Teach to Lead
by Cynthia Carver, Oakland Schools
Last weekend I had the pleasure of attending the Denver “Teach to Lead” Summit. For two and half busy days, roughly 100 teacher leaders from 26 states gathered to learn, to create, and to be inspired. One week later, I am still reveling in the sense of possibility that grows when teachers are given voice and agency. I truly feel honored to have been included.
Teach to Lead (teachtolead.org) is a new federal initiative coming out of the U.S. Department of Education (ED) with support from the National Board for Professional Teaching Standards (NBPTS). Its purpose is to promote and elevate the role of teacher leaders in educational reform and policy. Using a crowd-sourcing platform, teachers across the country have been (and continue to be) invited to upload their favorite ideas for promoting teacher leadership. Thirty of those ideas were selected for the Louisville Summit held in December and another sixty were selected for the Denver Summit. A third summit will be held in Boston next month.

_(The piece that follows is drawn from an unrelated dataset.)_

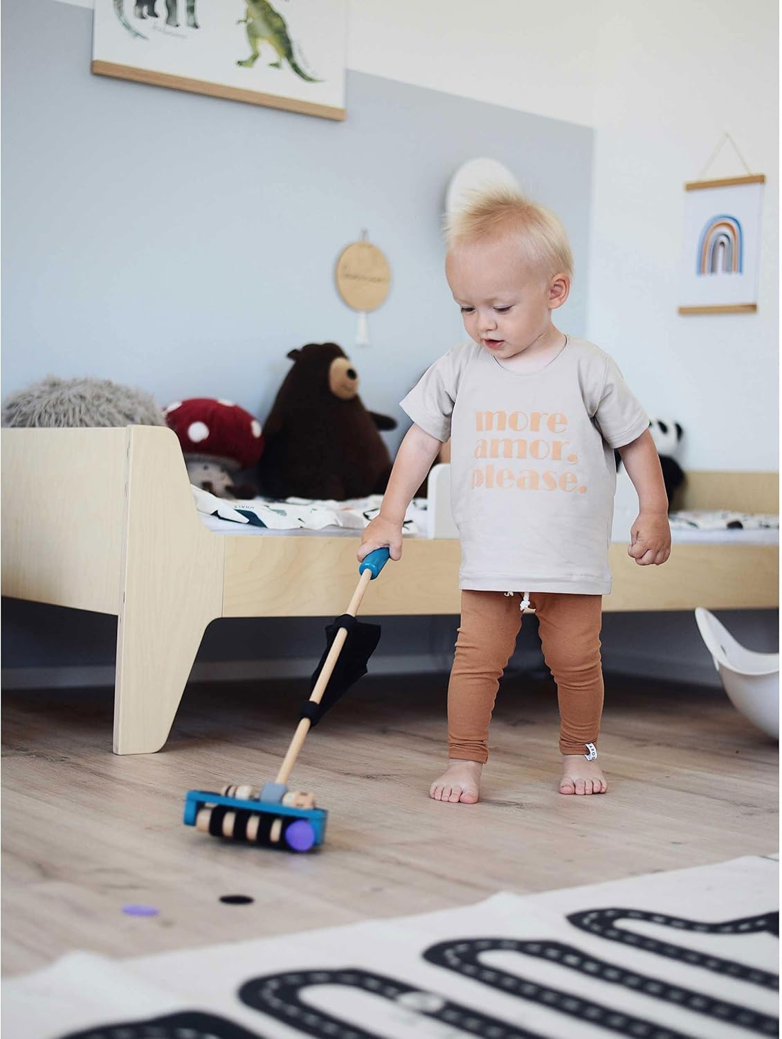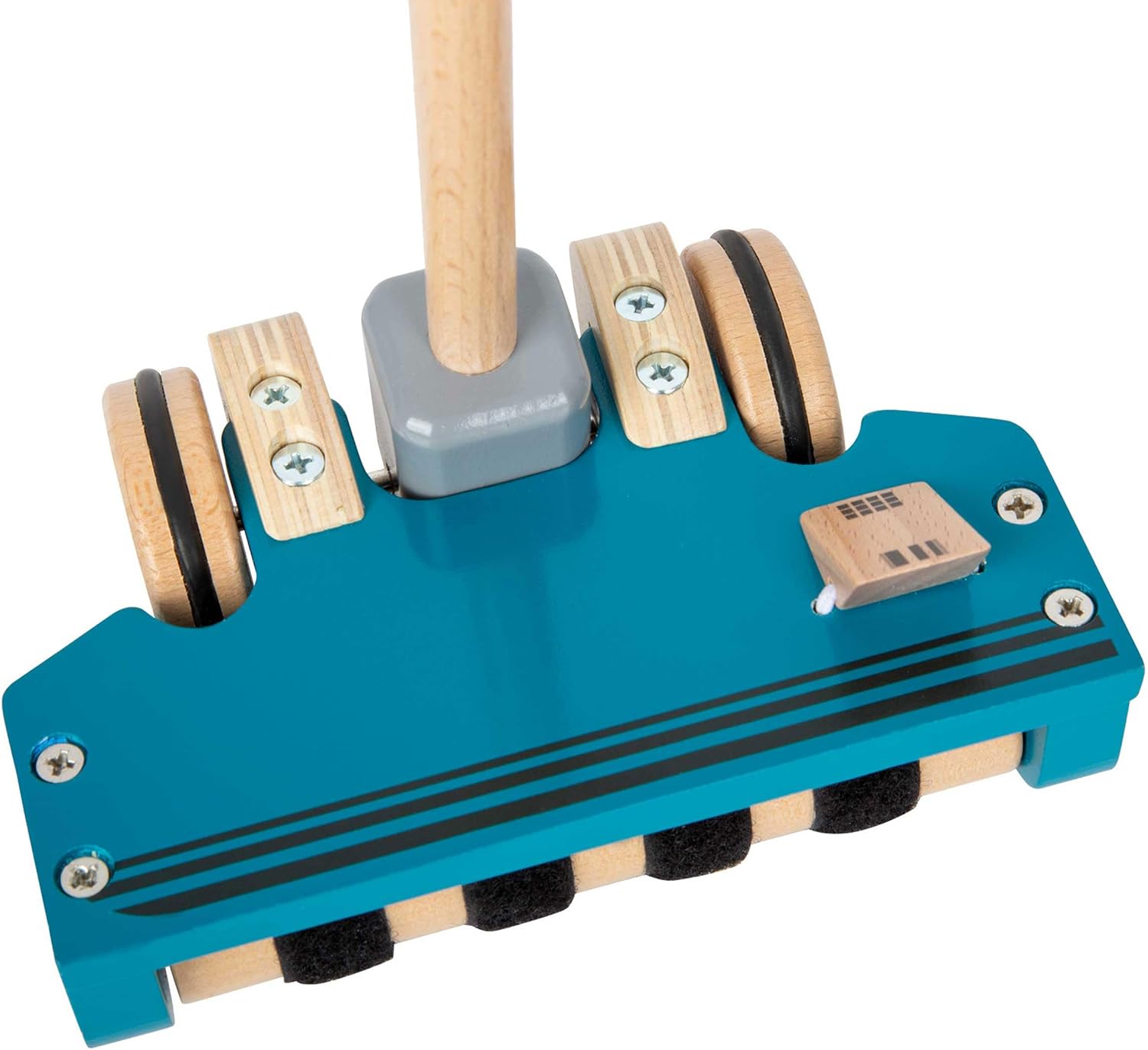 Questo aspirapolvere multifunzionale è un giocattolo da spingere e allo stesso tempo un gioco di ruolo ed è quindi adatto a diverse fasce d'età, a partire dai 18 mesi Lo sporco è a forma di punti in velcro e la cappa aspirante a strisce permette di "aspirare" i punti in velcro: per un divertimento particolarmente realistico Questo aspirapolvere per bambini dispone di un sacchetto in stoffa, che può essere utilizzato per conservare i punti in velcro L'aspirapolvere ha delle ruote gommate per poterlo spingere in maniera sicura e senza rumori Posizionato in verticale, questo gioco per la motricità può essere conservato in modo da occupare poco spazio

The primary purpose of the summits is to gather together the most promising and interesting of ideas and support their development and implementation. Representing the Galileo Institute for Teacher Leadership at Oakland University, I served as a critical friend, coaching the development of teacher leaders’ ideas. One group of teachers at my table was busy brainstorming peer-to-peer strategies for gaining teacher buy-in for an instructional coaching model. Another was outlining a plan for putting instructional technology training sessions into an online format. A third was hard at work drafting a rationale and plan for teachers who wished to engage in a yearlong “problems of practice” inquiry. The Avondale group that I traveled with (Lori Sakalian, Sarah Bruha & Dr. Tim Larrabee of OU) were busy identifying steps for growing place-based learning at Auburn Elementary, ground zero for the Avondale/OU Partnership.
As I understand it, the Teach to Lead movement (and I think it’s fair to call it such) stems from Arne Duncan’s realization that teachers have to be at the table when we talk about school reform and renewal. For many, this was music to our ears. Of course teachers should be at the table. At the same time, history and experience remind us that it is one thing to be invited and another to contribute in a meaningful and substantive way. Last week reminded me that teachers desperately want a place at the table. They want to be heard and they have ideas with merit. They also need the invitation, support and encouragement to bring those ideas to fruition. My hope is that the Teach to Lead movement continues to equip teacher leaders – through intentional skill-building and coaching – to put their ideas into action.